I tried adding this:
class Middleware:
def __init__(self, app):
self.app = app
def __call__(self, environ, start_response):
try:
return self.app(environ, start_response)
finally:
del dramatiq.get_broker().connection
app_with_middleware = Middleware(app)
It seems to do what you'd expect, removing the connection from self.connections
, but it still runs out of file handles. I'll have to dig in further to figure out why that is.
On a deeper look, I think I gave you bad advice/the connection deleter in the RabbitmqBroker
is wrong.

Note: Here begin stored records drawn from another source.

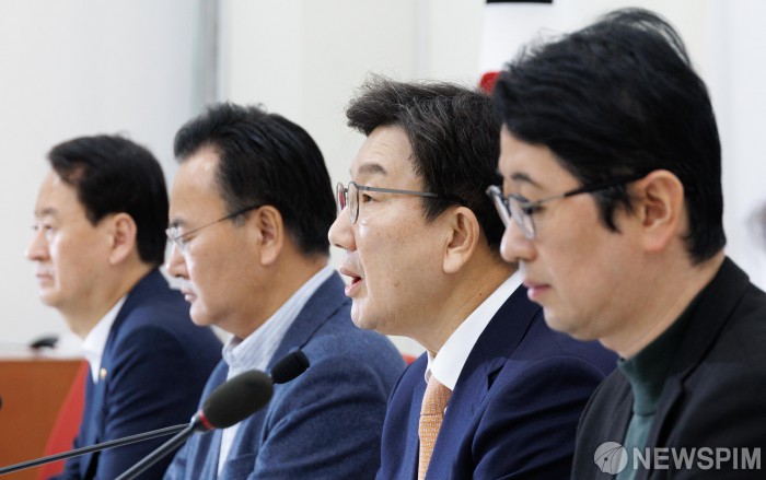 [서울=뉴스핌] 윤창빈 기자 = 권성동 국민의힘 원내대표가 14일 오후 서울 여의도 국회에서 비상계엄 특검법 발의 관련 기자회견을 하고 있다. 2025.01.14 pangbin@newspim.com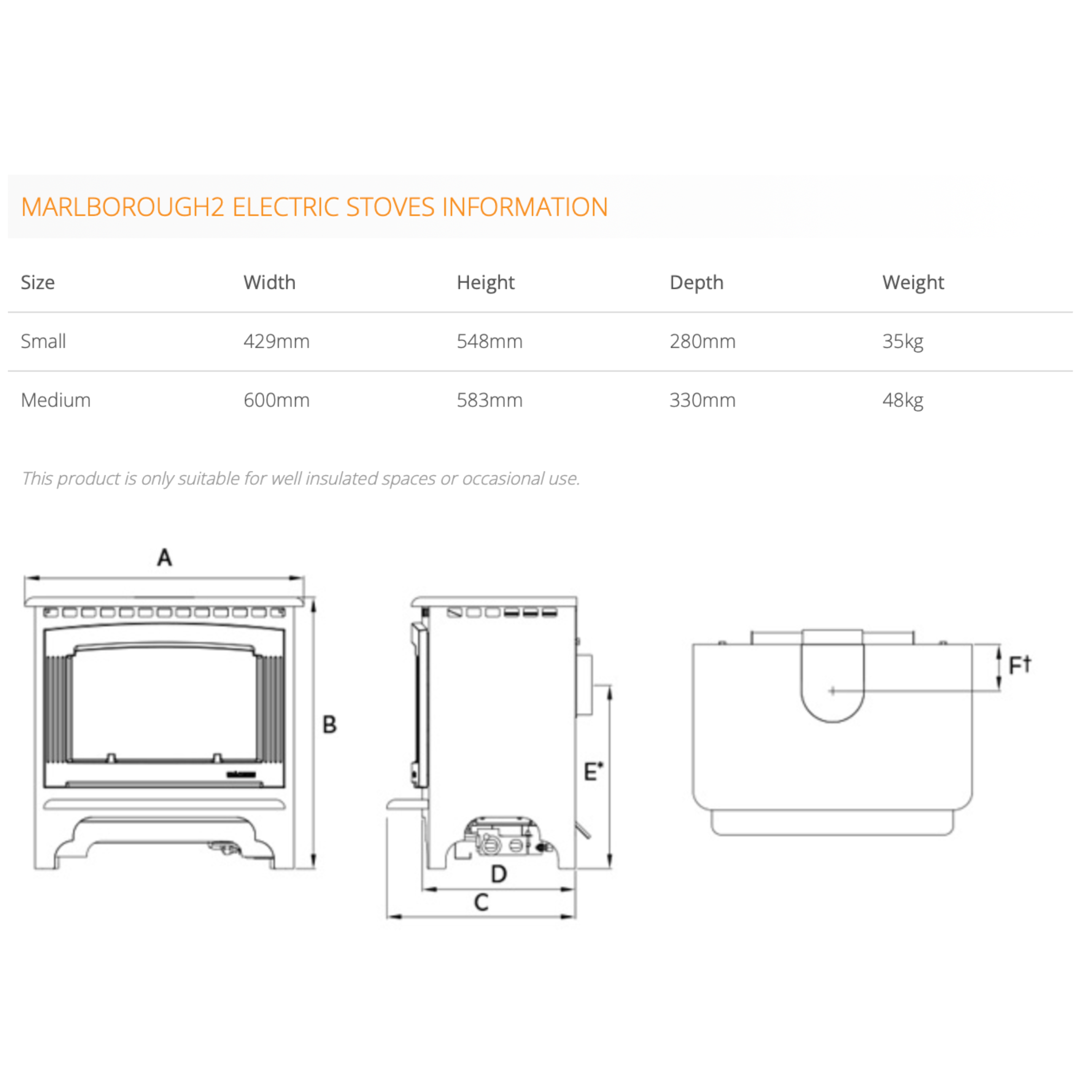 The Gazco Marlborough2 electric range combines Art Deco styling with country influences for an eye-catching electric stove collection. Two sizes ensure these electric stoves can fit a variety of settings, and each needs only a 13amp plug socket to bring instant ambience to your home.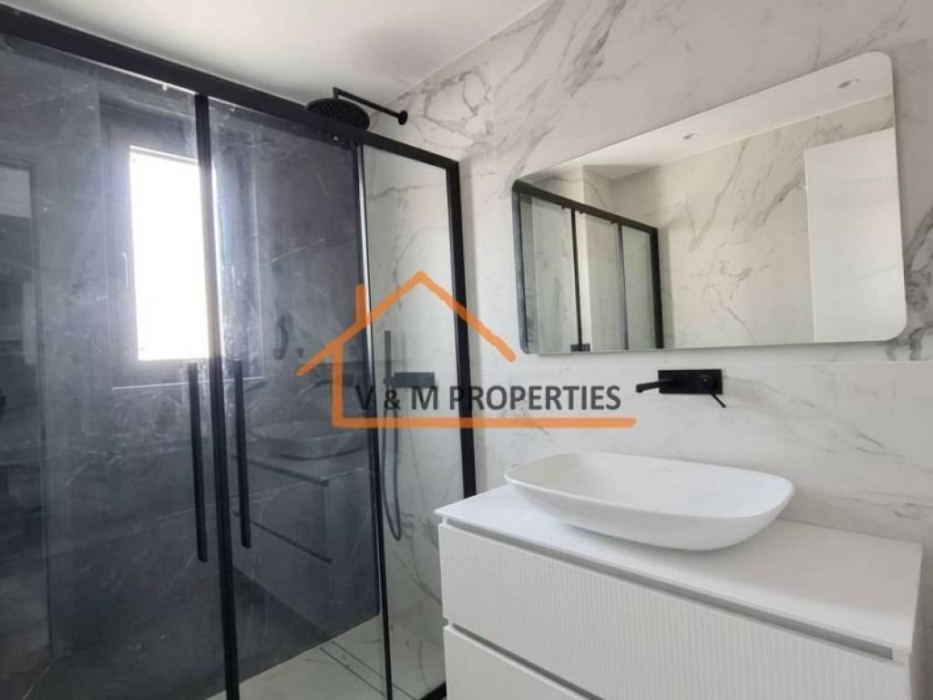 Nea Smyrni – Center, prime location near the main square. Newly built 94 sq.m. apartment on the 5th floor, with 3 bedrooms, a bathroom, and a WC. Includes an underground parking space and storage room. Underfloor natural gas heating, air conditioning, built-in appliances, and an energy-efficient fireplace.

For one, it never calls close
on the deleted connections and, second, the channel for a thread can hold a strong reference to its connection so at the very least both would need to be del
eted. Not that that would be enough, because there doesn't seem to be a way for them to automatically get closed (I see no __del__
s on either Channel
or BlockingConnection
in pika).
@gdvalle let me know if the issue still occurs for you on master. I think the middleware should now work properly.
@Bogdanp Middleware now works on master!
@Bogdanp I still have the issue do I need to use this middleware or just having 1.11 should be enough ?
@wsantos yes, the middleware is necessary. The fix only made the middleware work.